Pool request interrupted
In the gridftp logs on the pool nodes I see log entries like:
10/24 13:30:39 Cell(GFTP-pool2-Unknown-3590@gridftp-pool2Domain) : pool request interrupted 10/24 13:30:41 Cell(GFTP-pool2-Unknown-3579@gridftp-pool2Domain) : pool request interrupted 10/24 13:30:50 Cell(GFTP-pool2-Unknown-3588@gridftp-pool2Domain) : pool request interrupted
This is normally a result of the FTP client dropping the control channel. As a result the FTP door breaks out of whatever it was doing, and this is what is noted in the log.
Disk I/O error
Pools going offline with Disk I/O error. The files are readily accessible, the error is popping up randomly across different pools which are all on different RAID 5 -s.

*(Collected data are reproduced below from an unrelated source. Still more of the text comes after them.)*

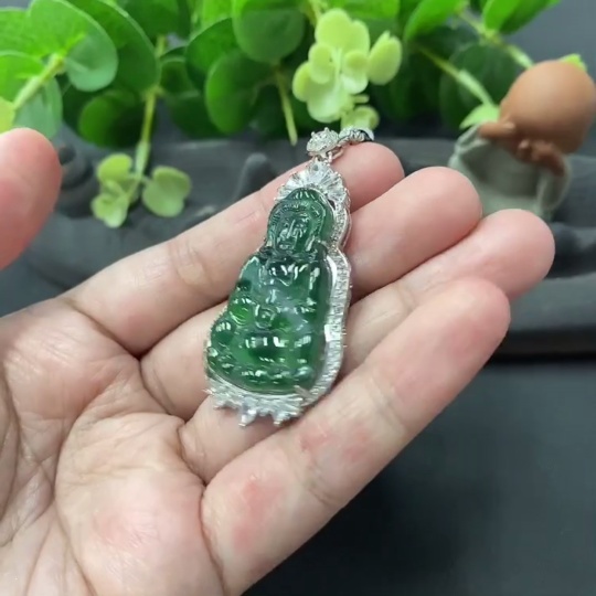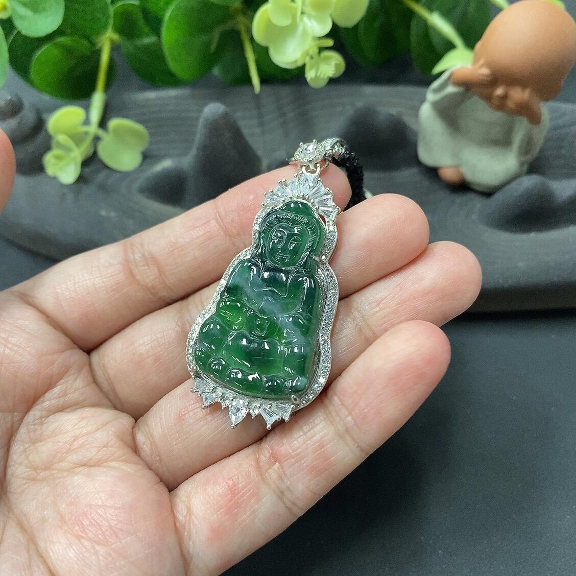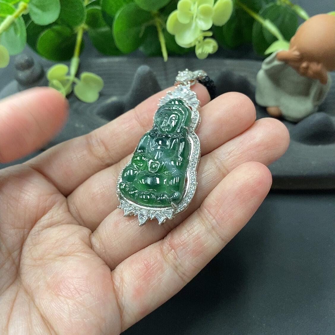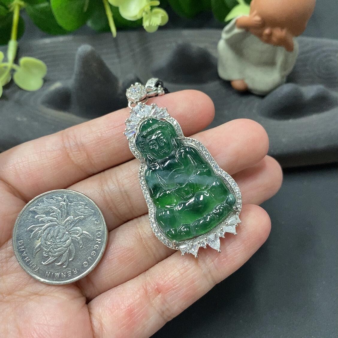 Jadeite Guanyin Pendant with Cracks (Non-Gold Inlaid)
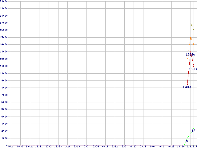 Seagate製その他3.5インチHDD 1TBの価格推移↑前グラフ↓次グラフ(2010年9月2日〜2011年11月17日)※このグラフは過去のデータも税率5%相当に調整した税込み相当額のグラフです。●関連グラフHDD/SSD主要製品の最安値推移HDD/SSD主要製品(最安値1万円〜1万5千円未満)の最安値推移HDD 1TB〜1.5TB未満の最安値推移Seagate製その他3.5インチHDD (SATA)の最安値推移●凡例最安値(点線部は販売店未確認または未調査)平均値最高値ショップ数
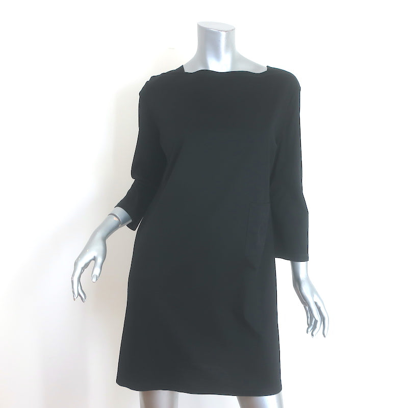Hermes Embroidered-Pocket Bateau Mini Dress Black Cotton Size 38
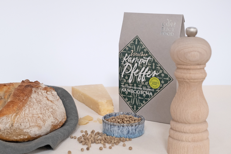 Eine dieser Traditionen ist der Anbau des legendären Kampot-Pfeffers. In der Küstenregion Kampot wird dieser nach alten Methoden kultiviert – als einzige Pfeffersorte mit geschützter Herkunftsbezeichnung. Er steht für Qualität, Handarbeit und nachhaltige Landwirtschaft. Conflictfood handelt direkt mit den Bäuerinnen und Bauern vor Ort und schafft so faire wirtschaftliche Perspektiven – in einem Land, das immer wieder beweist, dass es Hoffnung und Wandel in sich trägt.
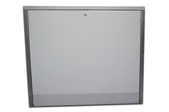 Roth Verteilerschrank Gr.2 fuer Industrieverteiler 1 1/2"/verzinkt Verteilerschrank aus sendzimir verzink- tem Stahlblech fuer den Roth 1 1/2" In- dustrieverteiler. Bei den Verteiler- schraenken handelt es sich um eine Haubenausfuehrung ohne Rueckwand zur Aufputz-Montage. Der Verteiler verfuegt ueber herausnehm- bare und abschlieare Tueren. Zur Be- festigung an der Wand sind die vorge- sehenen Aussparungen an der Rueckseite zu verwenden. Seitlich sind jeweils 2 Vorstanzungen zum gewuenschten Anschluss der Versorgungsleitung vorgesehen. Diese sind bauseits auszubrechen. Hinweise: Im Falle einer Lackierung ist die Bau- teiloberflaeche zu grundieren. Fuer den Betrieb mit geschlossenen Kugel- haehnen (und geschlossener Tuer) muessen die Kugelhaehne um 45 Grad nach unten gedreht werden. Die Verteilerschraenke sind nicht hoehen- oder tiefenverstellbar. Befestigungsmoeglichkeiten/Ausstanzungen sind an der Innenseite im umlaufenden Rahmen vorgesehen.

The offending files can be copied around.
10/27 21:13:16 Cell(europa_1@europaDomain) : (DCap_3_nio) Problem in command block : RequestBlock [Size=12 Code=2 Buffer=java.nio.HeapByteBuffer[pos=12 lim=12 cap=8192] 10/27 21:13:16 Cell(europa_1@europaDomain) : java.io.IOException: Connection reset by peer 10/27 21:13:16 Cell(europa_1@europaDomain) : at sun.nio.ch.FileDispatcher.write0(Native Method) 10/27 21:13:16 Cell(europa_1@europaDomain) : at sun.nio.ch.SocketDispatcher.write(SocketDispatcher.java:29) 10/27 21:13:16 Cell(europa_1@europaDomain) : at sun.nio.ch.IOUtil.writeFromNativeBuffer(IOUtil.java:104) 10/27 21:13:16 Cell(europa_1@europaDomain) : at sun.nio.ch.IOUtil.write(IOUtil.java:60) 10/27 21:13:16 Cell(europa_1@europaDomain) : at sun.nio.ch.SocketChannelImpl.write(SocketChannelImpl.java:302) 10/27 21:13:16 Cell(europa_1@europaDomain) : at diskCacheV111.movers.DCapProtocol_3_nio.doTheRead(DCapProtocol_3_nio.java:1166) 10/27 21:13:16 Cell(europa_1@europaDomain) : at diskCacheV111.movers.DCapProtocol_3_nio.runIO(DCapProtocol_3_nio.java:570) 10/27 21:13:16 Cell(europa_1@europaDomain) : at diskCacheV111.pools.MultiProtocolPool2$RepositoryIoHandler.run(MultiProtocolPool2.java:1474) 10/27 21:13:16 Cell(europa_1@europaDomain) : at diskCacheV111.util.SimpleJobScheduler$SJob.run(SimpleJobScheduler.java:64) 10/27 21:13:16 Cell(europa_1@europaDomain) : at java.lang.Thread.run(Thread.java:595) 10/27 21:13:16 Cell(europa_1@europaDomain) : (DCap_3_nio) FIN : SEEK_READ failed (IO not ok) 10/27 21:13:16 Cell(europa_1@europaDomain) : Exception in runIO for : 000200000000000000C93650 CacheException(rc=204;msg=Disk I/O Error ) 10/27 21:13:16 Cell(europa_1@europaDomain) : CacheException(rc=204;msg=Disk I/O Error ) 10/27 21:13:16 Cell(europa_1@europaDomain) : at diskCacheV111.movers.DCapProtocol_3_nio.runIO(DCapProtocol_3_nio.java:823) 10/27 21:13:16 Cell(europa_1@europaDomain) : at diskCacheV111.pools.MultiProtocolPool2$RepositoryIoHandler.run(MultiProtocolPool2.java:1474) 10/27 21:13:16 Cell(europa_1@europaDomain) : at diskCacheV111.util.SimpleJobScheduler$SJob.run(SimpleJobScheduler.java:64) 10/27 21:13:16 Cell(europa_1@europaDomain) : at java.lang.Thread.run(Thread.java:595) 10/27 21:13:16 Cell(europa_1@europaDomain) : New Pool Mode : disabled(fetch,store,stage,p2p-client,p2p-server,) 10/27 21:13:16 Cell(europa_1@europaDomain) : Disk I/O Error
Probably a disk error causes this. Diagnostic tools should be used.